Greater Vancouver CMA

And the same process can be used for the other cities.

Greater Toronto CMA

Montreal CMA

Ottawa - Gatineau

Vancouver in Detail

Taking a look at Vancouver in more detail we can focus specifically on Vancouver (including UBC and the University Endowment Lands), Burnaby, Richmond, and New Westminster to identify the most linguistically diverse parts of those municipalities.

Appendix: Single Response vs Multiple Response

Census variables for the language spoken most commonly at home are separated into two types of responses. The majority of responses are classified as “Single Responses” where a respondent indicated exclusively one language on their response. Alternatively, respondents are able to select one of four additional options: “English and French”, “English and non-official language”, “French and non-official language”, or “English, French, and non-official language”. These are categorized under the Multiple Response hierarchy and are separated from the rest of the responses. This obviously complicates calculating language diversity – how do you accurately calculate diversity using the data in the Multiple Response category when it does not have the same level of detail as the Single Response data.

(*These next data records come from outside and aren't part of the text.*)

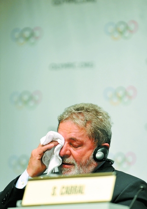 | 2009年10月2日,在丹麦首都哥本哈根,巴西总统卢拉在巴西里约热内卢申奥成功后热泪盈眶。新华社发 |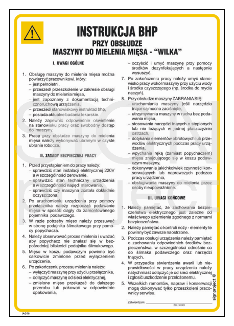 IAG18 Health and safety instructions for the use of a meat mincing machine - Wilk
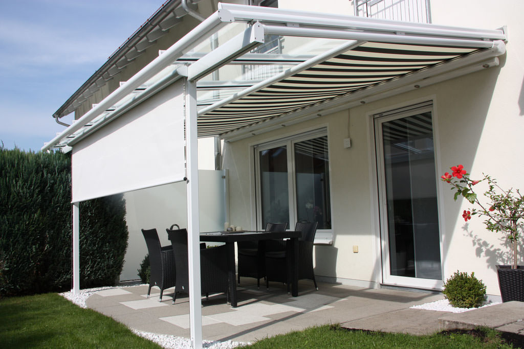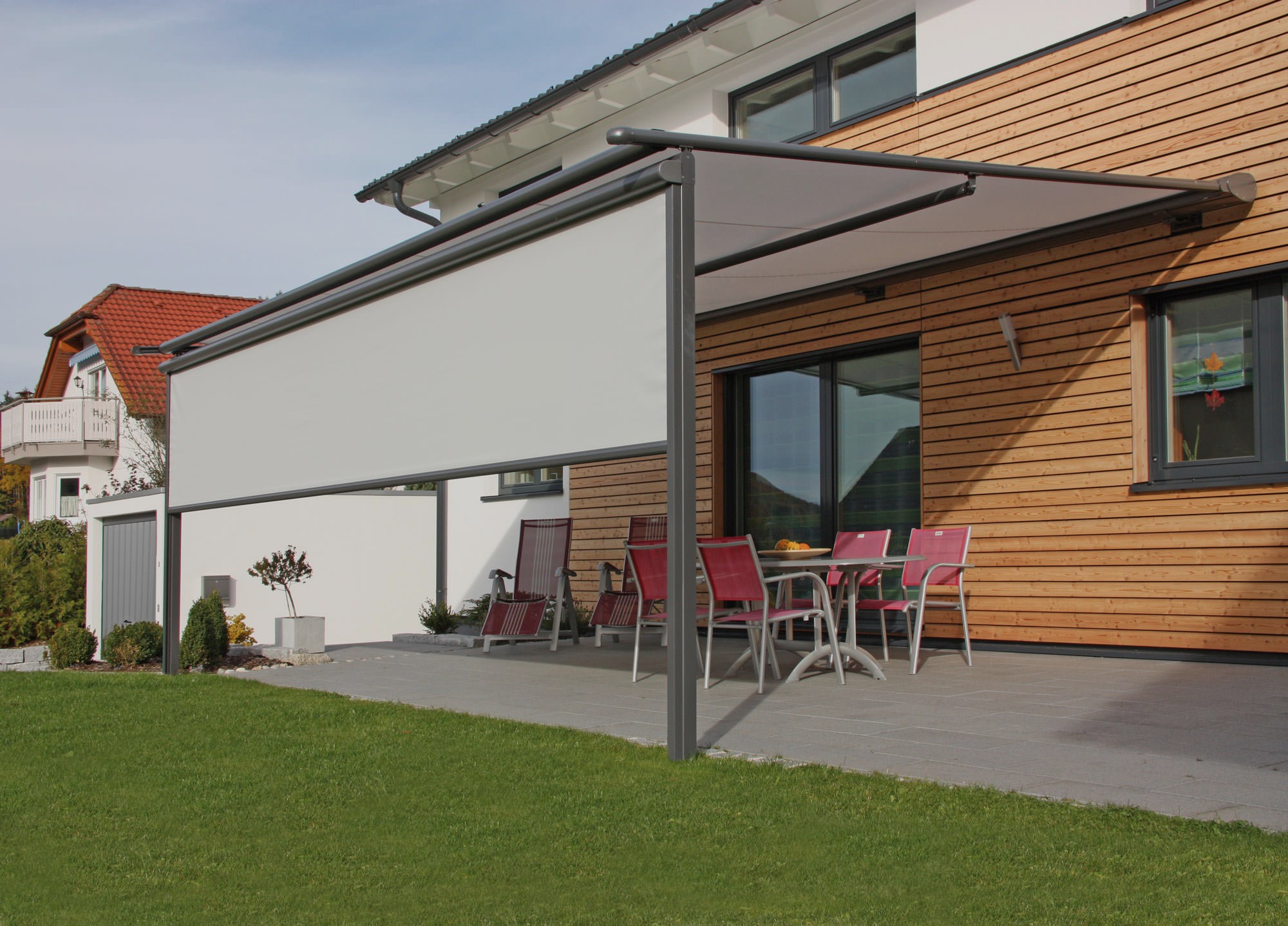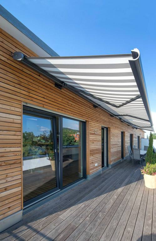 Unsere Lösung: Intelligente Sonnenschutzsysteme wie Markisen, Raffstores oder Screens halten Hitze draußen – und sehen auch noch gut aus.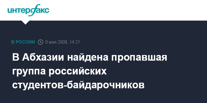 Сухуми. 9 мая. INTERFAX.RU - Группа студентов Владимирского политехнического института, поиски которой продолжались двое суток в Абхазии, найдена в местечке Кучба Иашта в Бзыбском ущелье Гагрского района, сообщил министр внутренних дел Абхазии Отар Хеция.

We can do some testing of the data within this category to better understand what is their likely impact on the diversity index score.

The share of respondents selecting the Multiple Response option differs across the top 10 CMAs with Toronto at one end with 9.5% of respondents and Quebec City at the other end with only 1.4% of respondents falling into the Multiple Response group.

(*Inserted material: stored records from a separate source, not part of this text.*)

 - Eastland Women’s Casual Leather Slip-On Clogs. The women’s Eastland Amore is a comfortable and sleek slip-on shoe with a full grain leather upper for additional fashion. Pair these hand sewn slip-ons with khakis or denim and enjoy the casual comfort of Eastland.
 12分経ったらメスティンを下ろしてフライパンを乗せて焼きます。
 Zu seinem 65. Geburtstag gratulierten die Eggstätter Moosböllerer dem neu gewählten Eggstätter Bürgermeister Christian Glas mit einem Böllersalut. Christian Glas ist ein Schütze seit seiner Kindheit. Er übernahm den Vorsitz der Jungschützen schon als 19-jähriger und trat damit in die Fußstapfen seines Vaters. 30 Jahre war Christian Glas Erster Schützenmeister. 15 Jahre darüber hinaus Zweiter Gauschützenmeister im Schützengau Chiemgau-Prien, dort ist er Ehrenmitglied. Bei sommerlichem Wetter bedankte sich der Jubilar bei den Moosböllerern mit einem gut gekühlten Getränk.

The objective of this analysis is less on quantifying the exact linguistic diversity of each area but more to see the relative diversity across different areas. In other words - which parts of Canada are the most linguistically diverse. In order to think about how this additional data affects the diversity index, a closer look at how these data points break down is required.

There is a relatively consistent share of English/French and non-official language respondents, so its not clear that including or excluding these respondents would have any effect on the relative diversity in those cities. Similarly, Quebec City has such a small share of respondents falling into this category that it is next to meaningless to worry about it. Where it may pose a challenge is with the relatively large share of English + French respondents in Montréal and Ottawa - Gatineau. Because those two languages are already the dominant languages in both those areas, excluding data for the Multiple Responses set would have the effect of shrinking true denominator for the diversity index and overstating the impact of all other languages, leading to potentially inflated diversity score. Similarly, including Multiple Response data points into the index as distinct linguistic groups would also inflate the diversity score by double counting some English or French speakers as speaking a distinct language from other English or French speakers.

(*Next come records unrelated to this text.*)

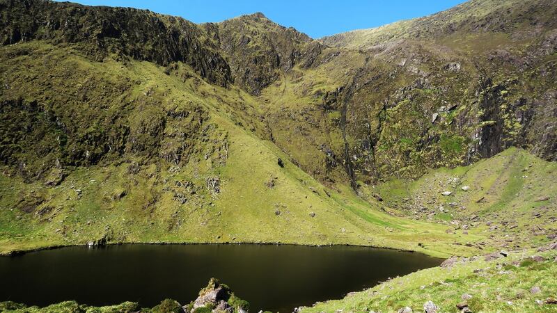 Yet, only 10km away on the northern side of the isthmus, within the boundaries of the Parish of Cloghane, there is a veritable congregation of lakes scattered attractively on the floor of the upper reaches of An Abha Mhor Valley or nestling in Cooms in the surrounding slopes and cliffs.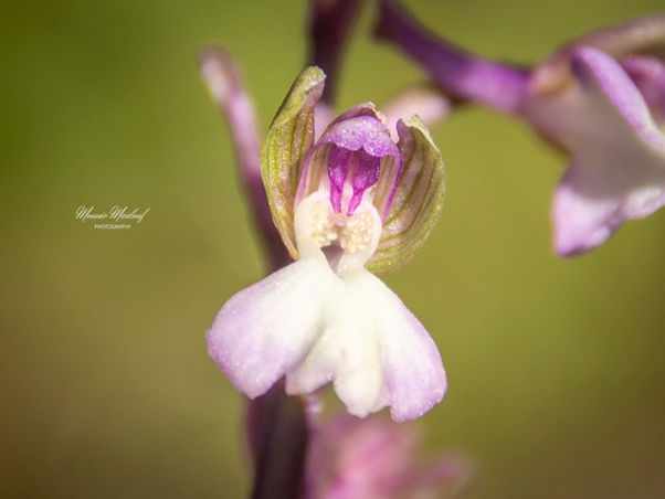 Diagnostic characters : Subsp. syriaca is distinguished from the European subsp. morio and the central-Mediterranean subsp. picta by its (i) immaculate pale lip, (ii) slightly shorter spur, and (iii) paler, often whitish overall flower colour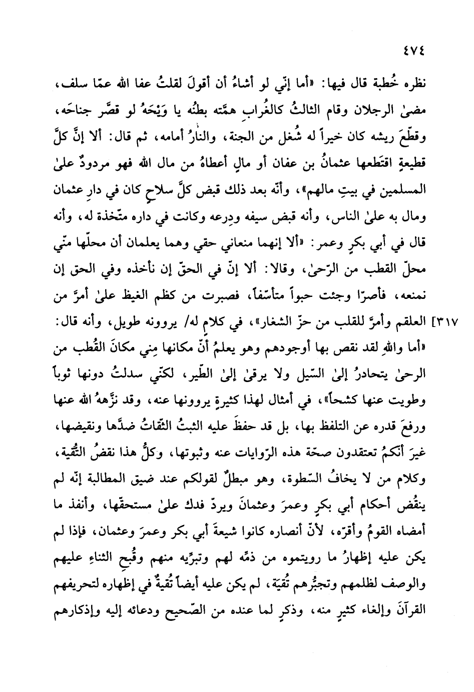 غيرَ أنكمُ تعتقدون صحة هذه الروايات عنه وثبوتها، وكل هذا نقضُ التقية، وكلام من لا يخافُ السطوة، وهو مبطلٌ لقولكم عند ضيق المطالبة إنه لم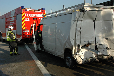 Denn durch die Wucht des Aufpralles, verkeilte sich der Kleinbus mit der Vorderachse in die Leitschiene. Eine geladene Aluschiene durchbohrte die hintere Türe und blieb im nachfahrenden LKW stecken.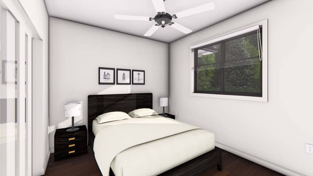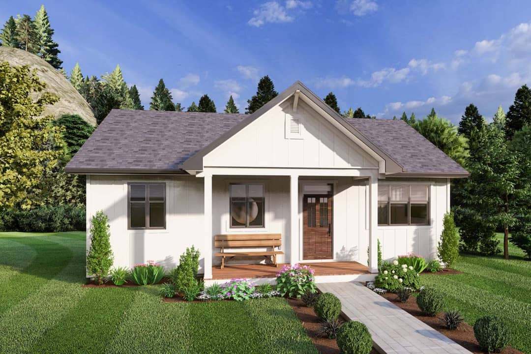 At 936 sq ft, this is a home that doesn’t pretend to be large—it embraces smart design instead. The open core layout preserves visual space, while the positioning of bedrooms maximizes privacy. The dual porches add a touch of outdoor living without overreaching. It’s a strong candidate for a first home, ADU, or for downsizers who value simplicity and efficiency.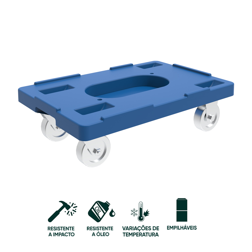- Rodízios de poliuretano; - Rodízios com freio e giratórios (opcional); - Encaixe para empilhamento; - Plataforma maciça; - Travas laterais de segurança - Fundo reforçado; - Possui local para aplicação de cintas de arquear; - Compatível com diversos modelos de caixas.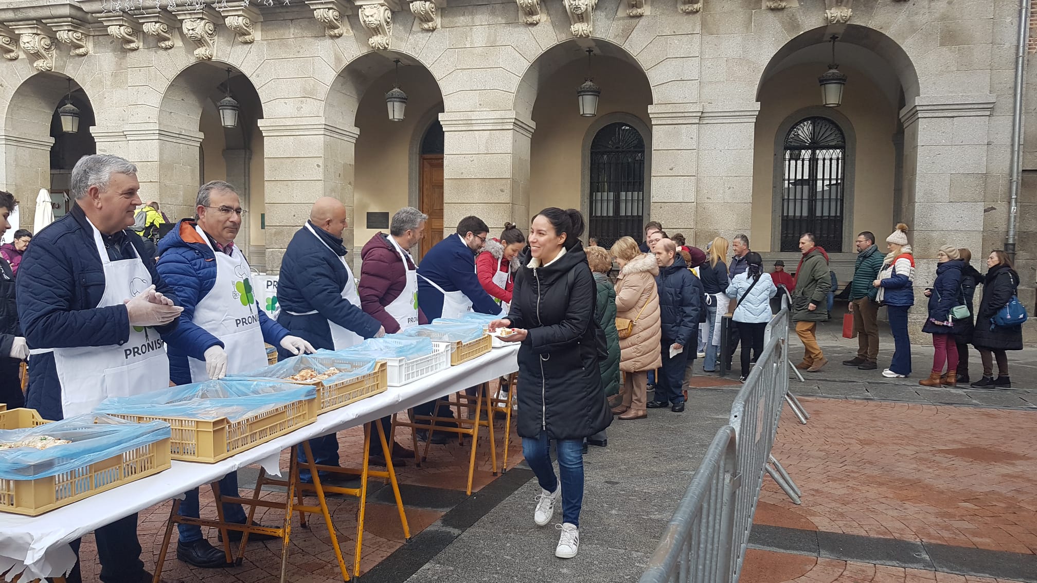 El Ayuntamiento de Ávila colabora con esta entidad en el desarrollo de iniciativas como la I Semana Internacional contra la violencia de género, que se realizó el pasado mes de noviembre, o este roscón solidario que ido acompañado de otras tantas raciones de chocolate. De esta manera, abulenses y visitantes han hecho cola desde las 11.30 horas para degustar algunas de estas raciones, a cambio de la aportación económica que han considerado, en función de sus posibilidades. Aunque estaba previsto que esta acción se prolongara hasta las 13.30 horas, las existencias se han agotado media hora antes de lo previsto, ya que la última porción se ha entregado poco antes de las 13.00 horas, si bien todavía quedaba chocolate, repartido por la entidad Pronisa Plena Inclusión.

My proposed solution to address the Single Response/Multiple Response issue is the following:

  • English and non-official language respondents are added to the Single Response English speakers
  • French and non-official language speakers are added to the Single Response French speakers
  • English and French speakers along with English and French and non-official languages speakers are added to both the Single Response English and the Single Response French speakers
  • The denominator for the diversity index is the sum of Single Response totals and Multiple Responses totals

Identifying the exact impact on the diversity score will be very challenging so I leave that exercise to anyone who wants to follow up on this analysis. As usual, all the code for this page and the analysis on it as available on Github.